Что дает повод назвать время и бытие вместе? С самого начала западноевропейского мышления и до сегодняшнего дня бытие означает то же, что и присутствие. Из присутствия, присутствования говорит настоящее. Согласно привычным представлениям, настоящее вместе с прошлым и будущим образует характеристику времени. Бытие как присутствие определяется через время. Этого уже достаточно, чтобы посто­янно производить в мышлении беспорядки. Эти беспоряд­ки усиливаются, как только мы начинаем размышлять о том, каким образом дано это определение бытия через время.

Каким образом? — это вопрос о том, каким образом, почему и отчего в бытии говорит нечто такое, как время. Лю­бая попытка помыслить отношение между бытием и временем с помощью распространенных и приблизительных представле­ний о бытии и времени сейчас же запутывается в путаном сплетении слабопродуманных отношений.

Мы называем время, когда говорим: всему — свое время. Это означает, что все, все сущее, приходит и уходит вовремя, в свое время и остается в течение отмеренного ему времени. Каждой вещи — свое время.

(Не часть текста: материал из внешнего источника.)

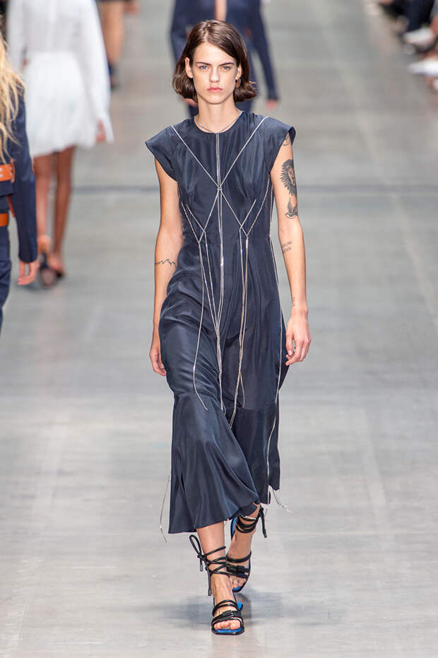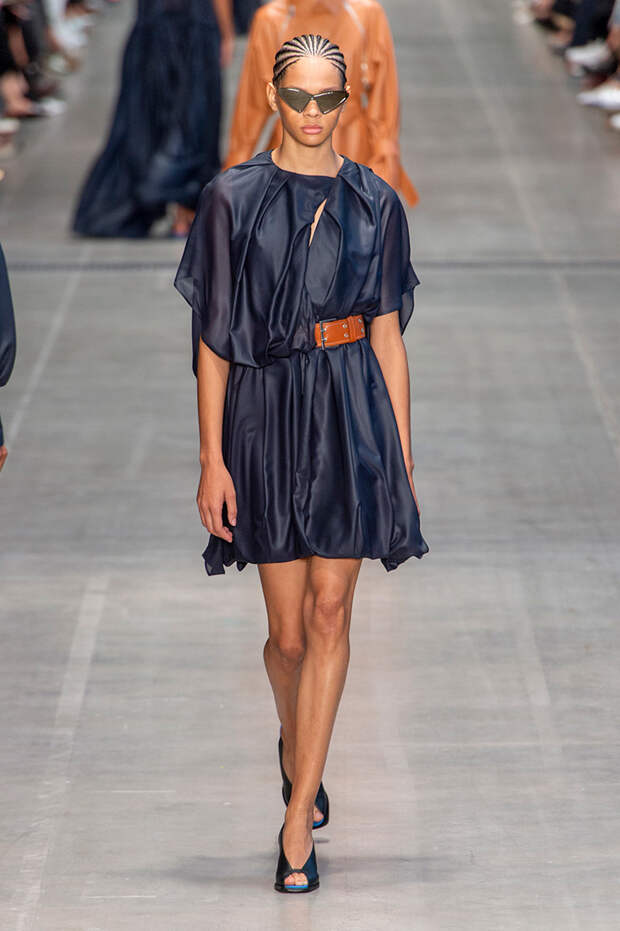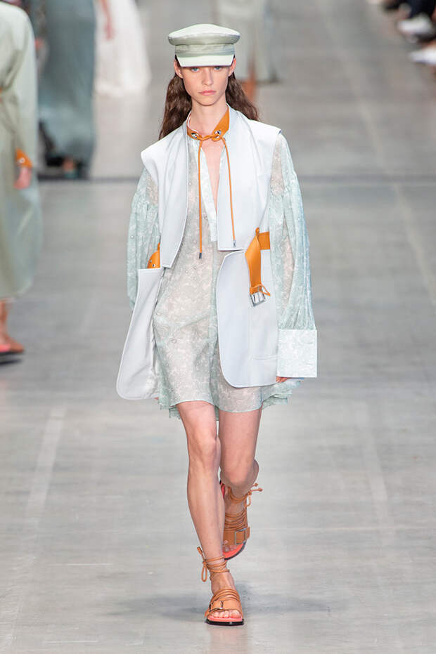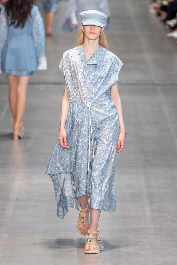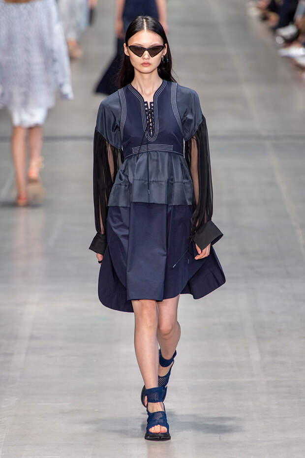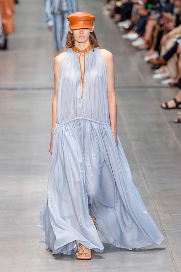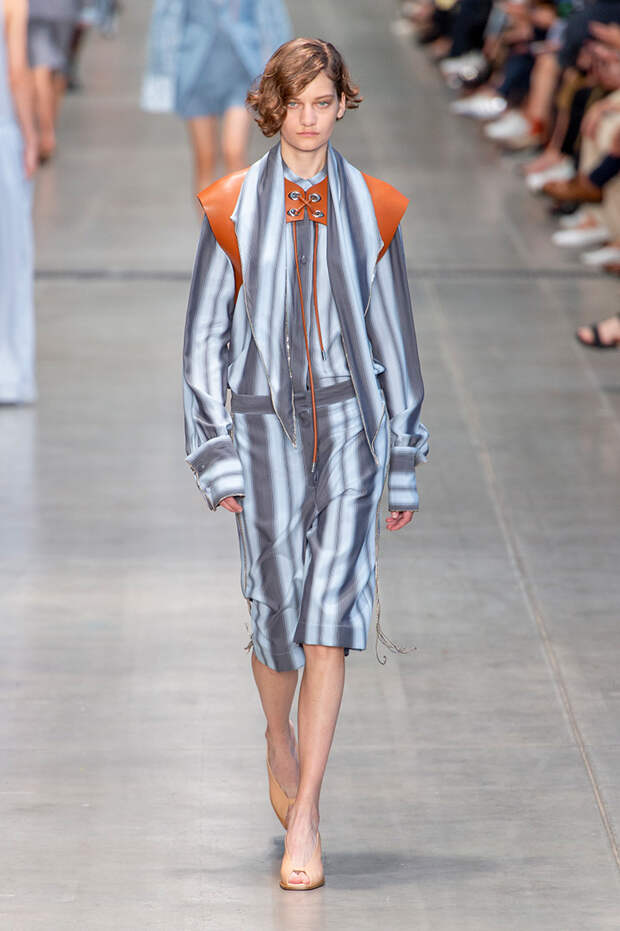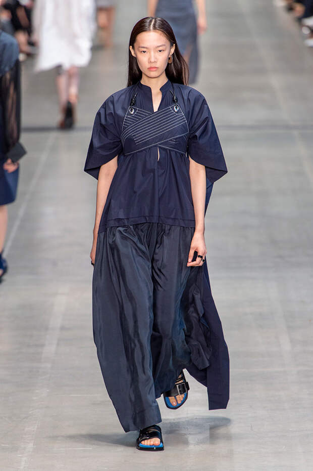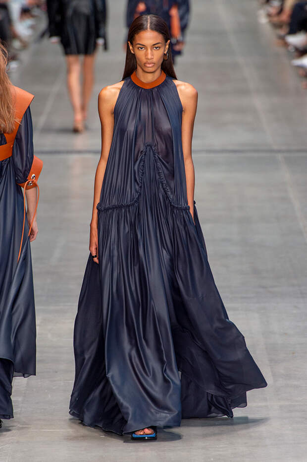 Струящаяся ткань, судя по всему, довольно плотная, выглядела влажной, даже чуть мерцающей от дождя. И через темно-синюю дымку проглядывали очертания девичьего тела и нижнего белья: а ведь именно в этом эффекте и заключается, пожалуй, львиная доля всей романтичности летних дождей.Назвать "дождливой" можно в общем и цветовую гамму коллекции: в ней в основном оттенки синего и сизого, а пудрово-розовый и коричневый выступают с ними на контрасте. Например, когда к тем же летящим свободным платьям неожиданно добавляются детали из кожи — манжеты, воротники и манишки.

Но является ли бытие вещью? Находится ли бытие, как и все наличное сущее, во времени? А, вообще, есть ли бытие? Если оно есть, то мы должны неизбежно признать, что оно какое-то сущее, и, следовательно, искать его среди прочего сущего. Этот лекционный зал есть. Он освещен. Мы признаем без разговоров и колебаний этот лекционный зал существую­щим. Но где во всем зале найдем мы это «есть»? Нигде среди вещей не найдем мы бытия. Каждой вещи — свое время. Но бытие не вещь, не что-то, находящееся во времени. Несмотря

 

 

на это, бытие по-прежнему определяется как присутствие, как настоящее через время, через временное.

То, что находится во времени и таким образом определяется через время, называют временным. Когда человек умира­ет и отбирается от здешнего, здесь существующего, мы говорим: «Он благословил временное». Временное означает преходящее, такое, что протекает в течение времени. Наш язык говорит еще точнее: такое, что проходит со временем, по­скольку само время проходит. Но между тем как время постоянно проходит, оно все же остается временем. Оставать­ся означает не исчезать, а прибывать в присутствие. Таким образом, время определяется через бытие. Но как же тогда должно бытие оставаться определенным через время? Из постоянства преходящности времени говорит бытие. Все же мы нигде не обнаружим время как какое-то сущее, как вещь.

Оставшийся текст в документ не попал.